(i) Start with the left-hand side (LHS):

\(\tan x + \frac{1}{\tan x} = \frac{\sin x}{\cos x} + \frac{\cos x}{\sin x}\)

Combine the fractions:

\(= \frac{\sin^2 x + \cos^2 x}{\sin x \cos x}\)

Using the identity \(\sin^2 x + \cos^2 x = 1\), we have:

\(= \frac{1}{\sin x \cos x}\)

Thus, the identity is proven.

(ii) Given equation:

\(\frac{2}{\sin x \cos x} = 1 + 3 \tan x\)

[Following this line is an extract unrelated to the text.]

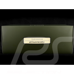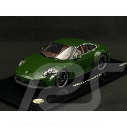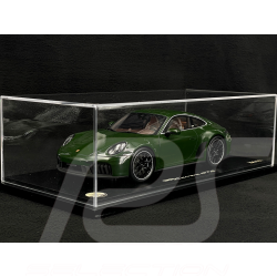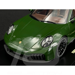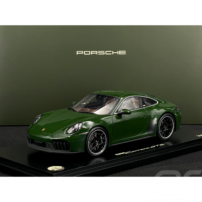 This model represents the 2024 Porsche 911 Carrera GTS Coupé Type 992 Cuarenta Edition, a special edition celebrating the 40th anniversary of Porsche Ibérica. Featuring an exclusive Quercusverde exterior and a two-tone leather interior in Truffle Brown and Cohiba Brown. Resin model, displayed in showcase. Limited edition of 911 pieces.

Using part (i), substitute \(\frac{2}{\sin x \cos x} = 2 \left( \tan x + \frac{1}{\tan x} \right)\):

\(2 \left( \tan x + \frac{1}{\tan x} \right) = 3 \tan x + 1\)

Multiply through by \(\tan x\):

\(2 \tan^2 x + 2 = 3 \tan x + \tan x\)

Rearrange to form a quadratic equation:

\(2 \tan^2 x + \tan x - 2 = 0\)

Solving the quadratic equation, we find:

\(\tan x = 1\) or \(\tan x = -2\)

For \(\tan x = 1\), \(x = 45^\circ\).

For \(\tan x = -2\), \(x = 116.6^\circ\).